I commend Anthropic for detailing the risks of theft so thoroughly, and I expect that they are among the most defended against such security risks.
Some AI organizations have found evidence of “alignment faking” in current AI systems: An AI reasons that it is better not to reveal one’s misalignment in some settings, as opposed to revealing it and getting re-trained as a consequence.
I’m not very confident that AIs can make successful deals like this today, but we gestured at some possible methods during the simulation, and neither the facilitator nor any other human player objected. Aside from whether these deals are currently possible, I have more conviction that there’s a lot of risk in technology that would facilitate deals between AIs. The risk is especially high if the AIs rely on trust-building methods with each other that they couldn’t also use to trust people (e.g., if AIs rely on reviewing the internals of each other’s code).
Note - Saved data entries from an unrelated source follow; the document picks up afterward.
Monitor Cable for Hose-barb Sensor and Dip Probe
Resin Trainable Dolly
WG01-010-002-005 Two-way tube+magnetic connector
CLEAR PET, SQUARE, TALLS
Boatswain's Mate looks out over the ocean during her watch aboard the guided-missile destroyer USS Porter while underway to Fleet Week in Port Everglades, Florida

Elon Musk recently described Taiwan’s importance to the AI chip supply chain as, “currently 100% of advanced AI chips are made in Taiwan.”
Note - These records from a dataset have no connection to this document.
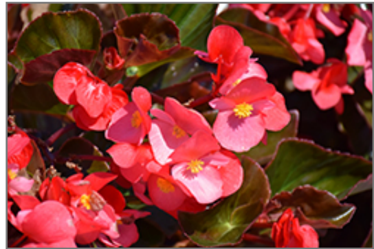
Whopper Rose Bronze Leaf Begonia flowers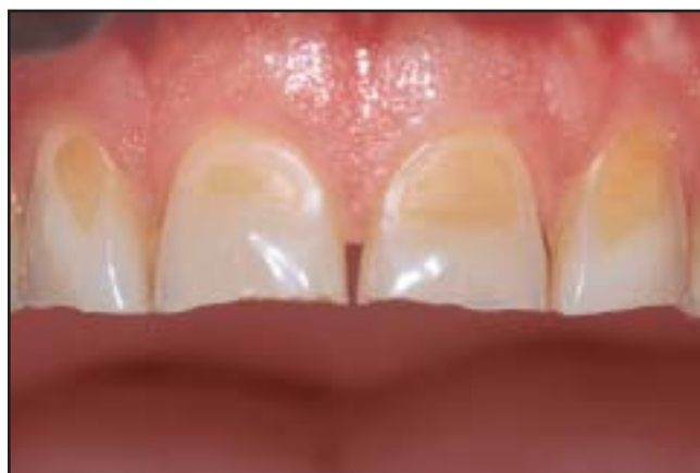
Figure 16. Preoperative facial view demonstrates the presence of extensive abrasion, erosion, and worn incisal edges.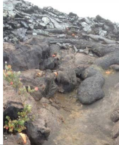
Figure 3: Field photo of an analyzed tumulus at the D1974 flow. In situ hXRF measurements were taken from the D1974 flow across the contact into the older flow. Table 1: In situ hXRF measurements show assimilation between the younger D1974 flow and the older, redder flow for four key elements.

Chemical Assimilation at the D1974 Flow: In order to determine if any chemical assimilation occurred between the D1974 flow and the older flow, we sampled a tumulus (Figure 3) where the D1974 flow is in direct contact of an island of the older flow. Several hXRF analyses were performed at the feature shown in Figure 3. The measurement strategy involved analyzing basalt from the older flow ~1m from the D1974 flow, at the contact between the flows, and in the D1974 flow itself. Table 1 show data from four key elements, which we interpret as evidence that chemical assimilation has occurred between the two flows. These data show both that it is probable that the chemical interactions between the two flows occurred and that it is possible to detect this relationship with field portable technology.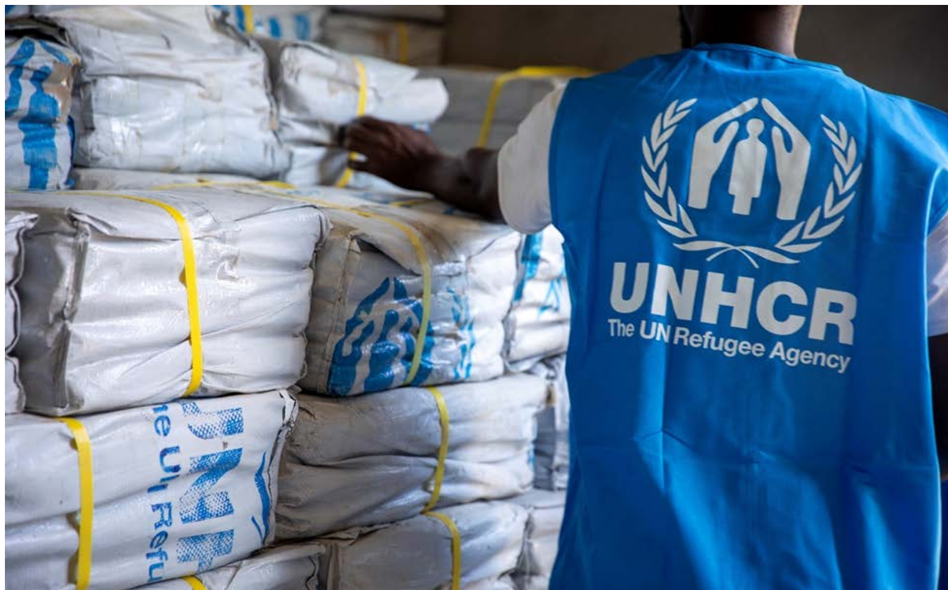
Trucks carrying UNHCR aid to thousands displaced by floods, Libya.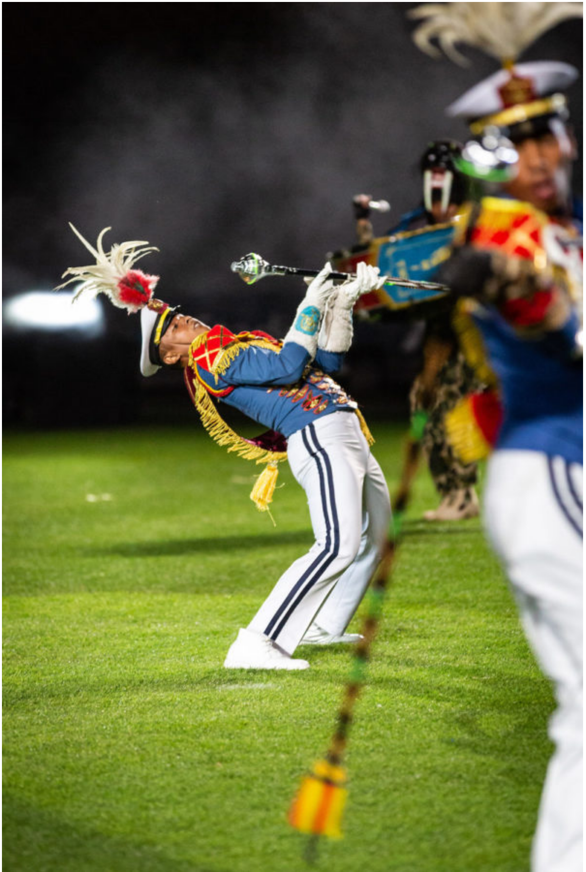
Tentara Nasional Indonesian Academy Drum Band performers

Military Tattoo at ANZ Stadium in Sydney on 16 October 2019.

There are so many distinct trends pushing toward continued AI progress—creation of higher-quality synthetic data; efficiency gains in using existing chips; optimizations that make a model more economical for new use-cases—that for AI progress to fully stall would seem like a remarkably strong coincidence (unless, of course, there were an external event like a major war).
For instance, maybe one disadvantage of the West pursuing a single AI mega-project is that there will be fewer powerful AI systems at different institutions to limit each other’s power. On the other hand, if there are in fact multiple different AIs from different organizations, each might perceive the other as a threat and be more inclined to take aggressive action.
I’m unsure of specifics, but OpenAI was recently awarded a US Department of Defense contract, with a purpose described by the DoD as: “develop prototype frontier AI capabilities to address critical national security challenges in both warfighting and enterprise domains”. OpenAI’s writeup of the deal describes the purpose as: “identify and prototype how frontier AI can transform its administrative operations, from improving how service members and their families get health care, to streamlining how they look at program and acquisition data, to supporting proactive cyber defense.”
One tension: AI systems might help automate some work such that governments can manage more crises, though with the risk that the AI might be untrustworthy (and would now be a crucial part of managing crises).